Output only the lines below from the one holding "发展夜经济是提升城市消费需求" down to the one holding "Alfombra de forma", both end lines included and every picture dropped.

● **Records**
....................

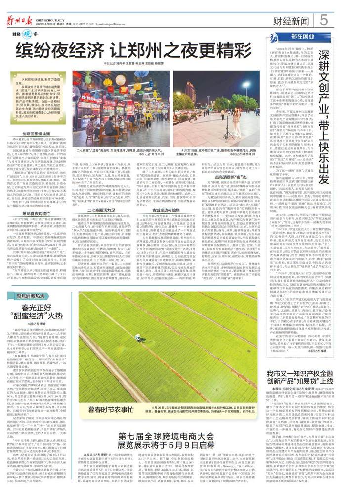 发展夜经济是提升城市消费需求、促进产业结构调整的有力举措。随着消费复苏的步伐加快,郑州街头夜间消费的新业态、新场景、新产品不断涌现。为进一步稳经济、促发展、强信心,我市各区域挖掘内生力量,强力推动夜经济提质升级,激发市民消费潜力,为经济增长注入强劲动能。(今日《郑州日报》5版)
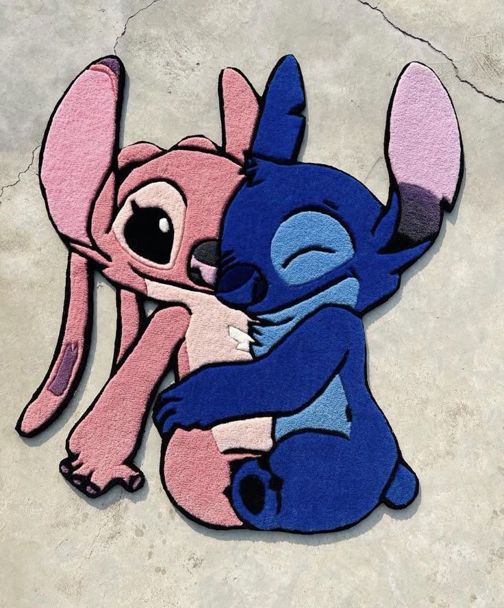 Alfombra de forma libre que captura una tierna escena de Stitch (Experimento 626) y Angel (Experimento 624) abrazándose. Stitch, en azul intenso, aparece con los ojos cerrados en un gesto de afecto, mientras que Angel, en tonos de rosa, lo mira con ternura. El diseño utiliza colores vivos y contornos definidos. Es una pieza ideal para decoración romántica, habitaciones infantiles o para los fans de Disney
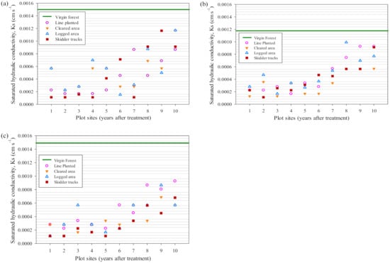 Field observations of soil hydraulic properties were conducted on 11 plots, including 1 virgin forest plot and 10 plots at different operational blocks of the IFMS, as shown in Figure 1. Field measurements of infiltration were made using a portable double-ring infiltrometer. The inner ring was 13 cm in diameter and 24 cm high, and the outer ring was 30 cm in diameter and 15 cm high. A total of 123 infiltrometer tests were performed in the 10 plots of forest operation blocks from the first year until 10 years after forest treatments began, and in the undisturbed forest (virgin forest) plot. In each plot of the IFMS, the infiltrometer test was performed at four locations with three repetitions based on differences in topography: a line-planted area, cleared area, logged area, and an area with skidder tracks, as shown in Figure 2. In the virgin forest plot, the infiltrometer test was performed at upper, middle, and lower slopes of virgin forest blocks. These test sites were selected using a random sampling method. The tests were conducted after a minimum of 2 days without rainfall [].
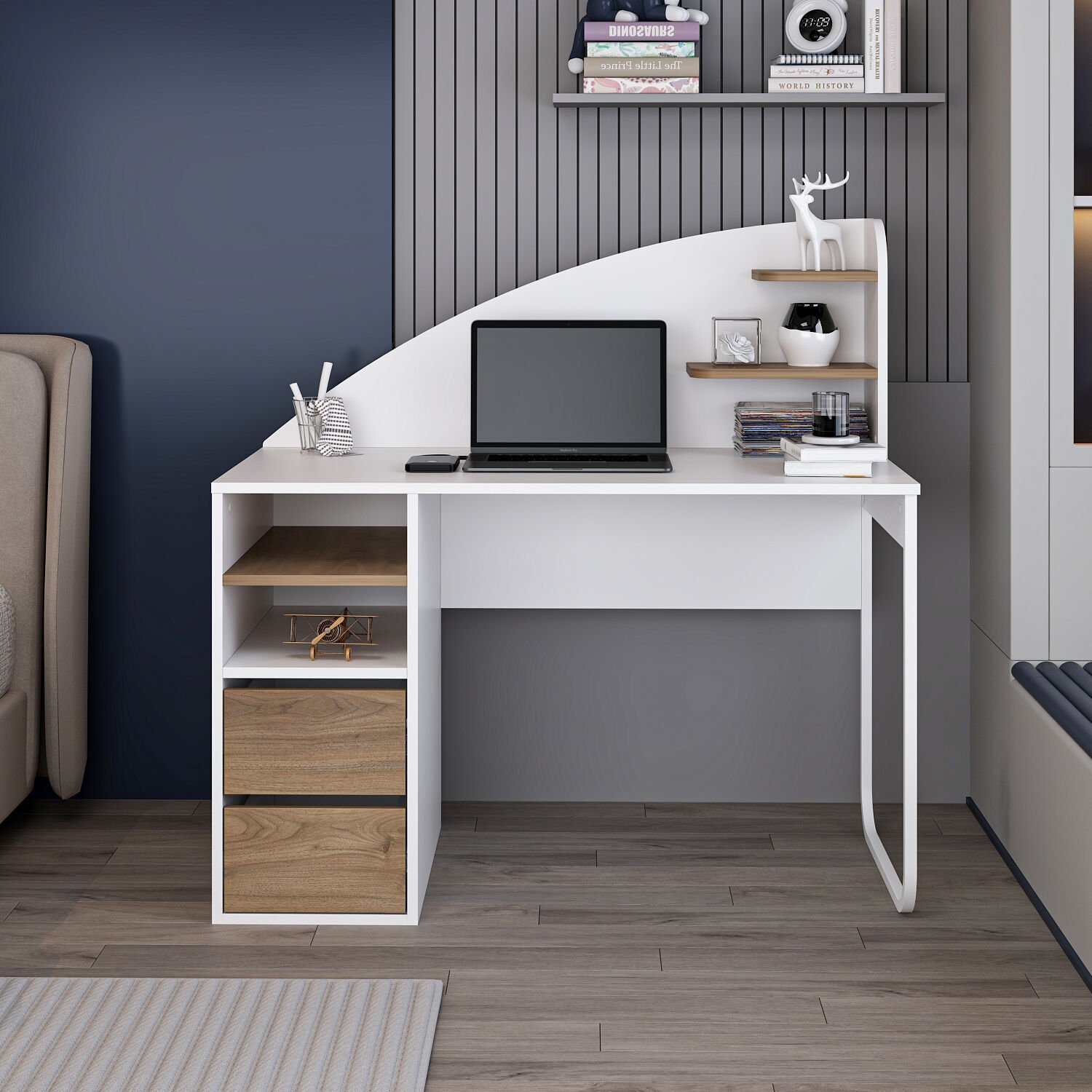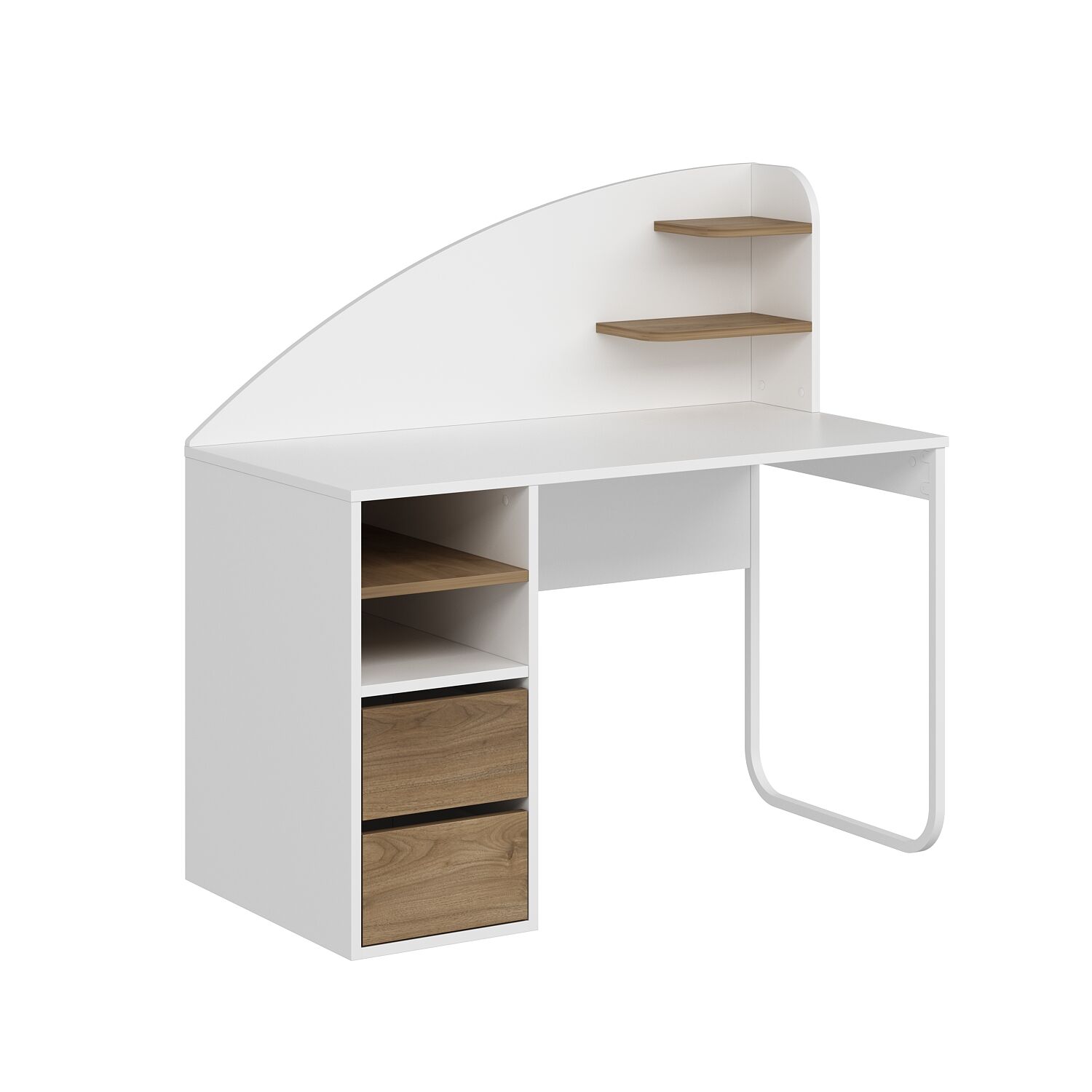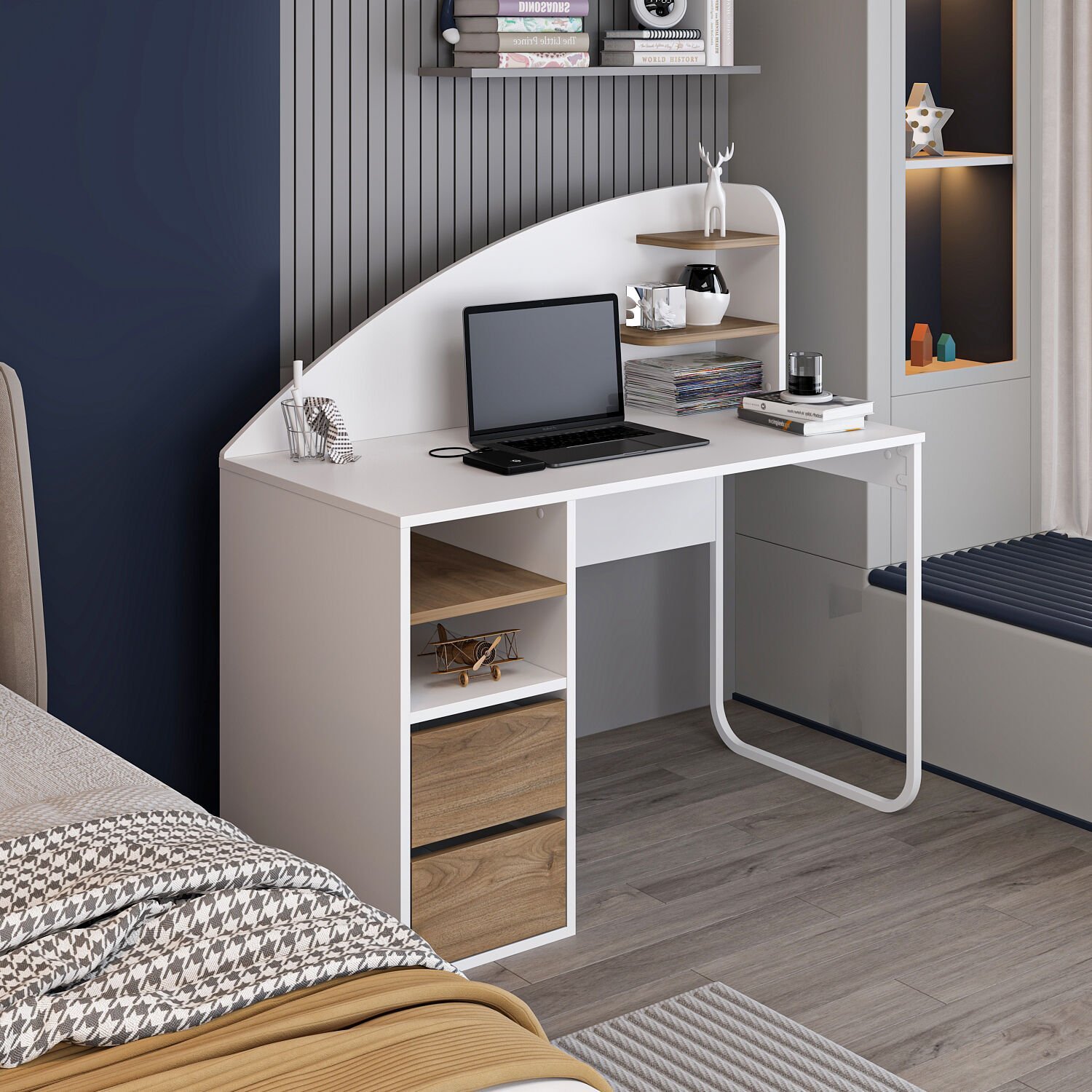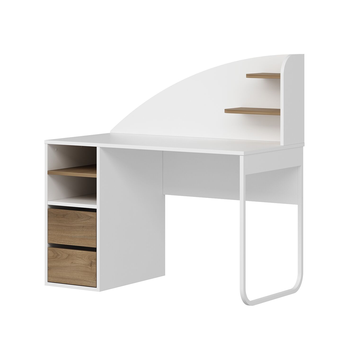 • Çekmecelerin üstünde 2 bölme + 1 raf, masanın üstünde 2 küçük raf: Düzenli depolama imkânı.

....................

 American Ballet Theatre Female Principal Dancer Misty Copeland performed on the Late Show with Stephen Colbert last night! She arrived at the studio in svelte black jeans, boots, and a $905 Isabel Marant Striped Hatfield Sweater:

....................

● **Solution**
 发展夜经济是提升城市消费需求、促进产业结构调整的有力举措。随着消费复苏的步伐加快,郑州街头夜间消费的新业态、新场景、新产品不断涌现。为进一步稳经济、促发展、强信心,我市各区域挖掘内生力量,强力推动夜经济提质升级,激发市民消费潜力,为经济增长注入强劲动能。(今日《郑州日报》5版)
 Alfombra de forma libre que captura una tierna escena de Stitch (Experimento 626) y Angel (Experimento 624) abrazándose. Stitch, en azul intenso, aparece con los ojos cerrados en un gesto de afecto, mientras que Angel, en tonos de rosa, lo mira con ternura. El diseño utiliza colores vivos y contornos definidos. Es una pieza ideal para decoración romántica, habitaciones infantiles o para los fans de Disney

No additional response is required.